Quinta-feira, 23 de Novembro de 2006

João Gomes Gonçalves - Orçamento de desigualdade

“Este Orçamento quer tirar aos que têm mais para dar aos que têm menos”
Teixeira dos Santos, ministro das Finanças
 
(...) Já se percebeu que é necessário reduzir o défice das contas públicas e tentar salvar a Segurança Social, o que implica reduzir a Despesa do Estado.

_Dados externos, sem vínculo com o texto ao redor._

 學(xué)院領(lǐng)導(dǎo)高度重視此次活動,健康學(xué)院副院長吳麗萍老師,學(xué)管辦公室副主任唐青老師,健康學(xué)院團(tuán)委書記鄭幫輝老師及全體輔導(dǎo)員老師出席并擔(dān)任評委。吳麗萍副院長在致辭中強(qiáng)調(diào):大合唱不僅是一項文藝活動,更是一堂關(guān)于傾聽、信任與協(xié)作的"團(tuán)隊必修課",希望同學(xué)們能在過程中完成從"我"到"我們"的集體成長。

No leque das medidas para atingir estes dois objectivos, o governo de Sócrates incluiu a equiparação fiscal, no IRS, entre pensionistas e trabalhadores activos, ou seja pretende tornar igual aquilo que não é igual.
Se exceptuarmos as pensões elevadas, digamos a partir de 2.000 ou 2.500 euros, onde o poder de compra de um pensionista pode ser equiparado ao poder de compra de um trabalhador activo, nos restantes casos, a condição de idoso não  é comparável com a de um trabalhador activo, e quanto mais baixo é o seu rendimento, mais pressionado se encontra pelas despesas com necessidades básicas, especialmente com a saúde.

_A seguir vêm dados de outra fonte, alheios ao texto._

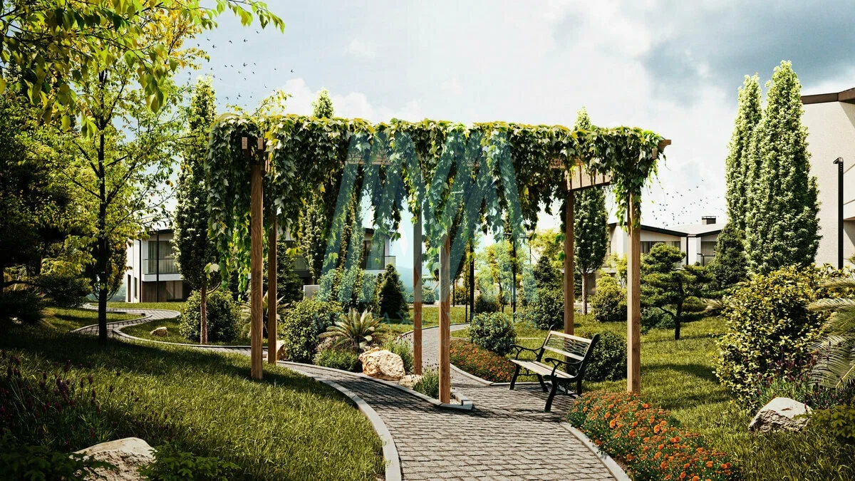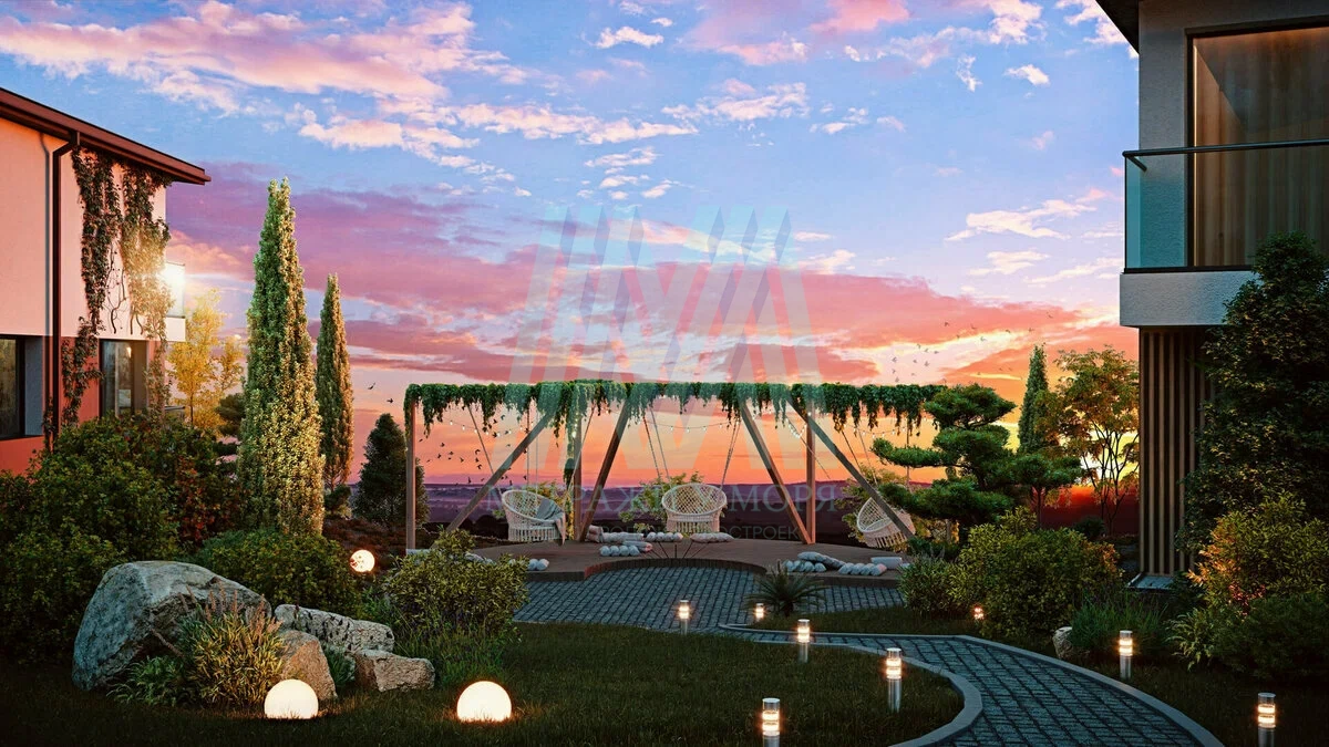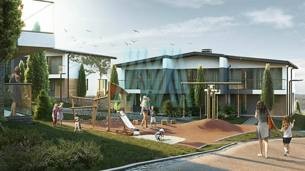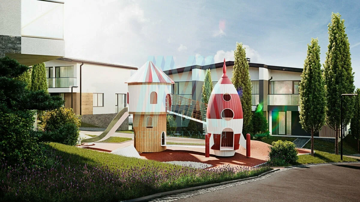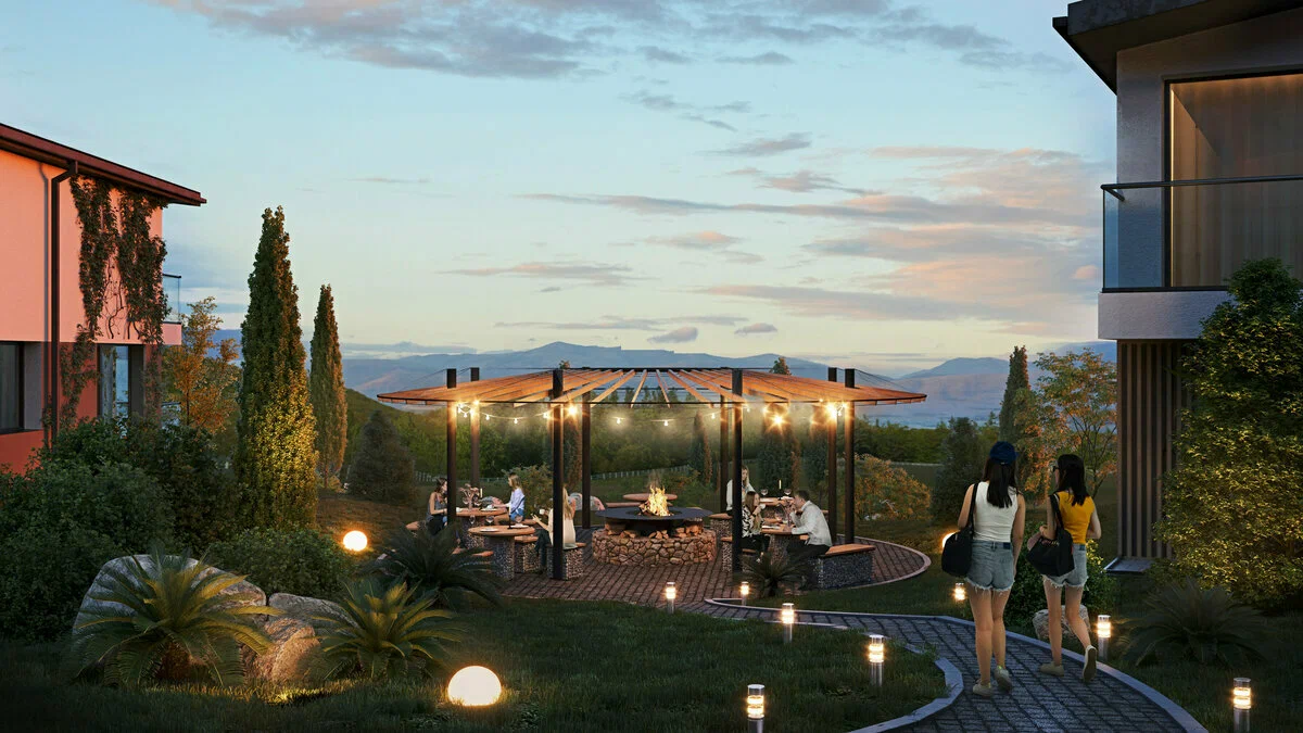Благоустройство прилегающей территории включает в себя организацию детских игровых и спортивных площадок, бассейн, зон для отдыха с беседками, а также озеленение.

Até agora as pensões até €535 mensais estavam isentas de IRS, mas neste OE aquele limite baixa para €435. Conceber que idosos com pouco mais de €450, por mês, conseguem comer, pagar renda de casa, electricidade, gás, água, farmácia etc. e ainda lhes sobeja pensão para pagarem IRS, parece absurdo mas é concebido por um governo socialista, não interessa em nome de quê.
Entre outras consequências, este OE irá contribuir para aumentar a «mancha» de pobreza que existe na sociedade portuguesa. A maioria dos portugueses vai ter os seus rendimentos reduzidos porque irá pagar mais IRS e porque irá pagar ainda mais impostos indirectos. É um aumento de impostos camuflado mas é real.
Não soubemos fazer redistribuição quando as vacas eram gordas e agora com as vacas magras também não.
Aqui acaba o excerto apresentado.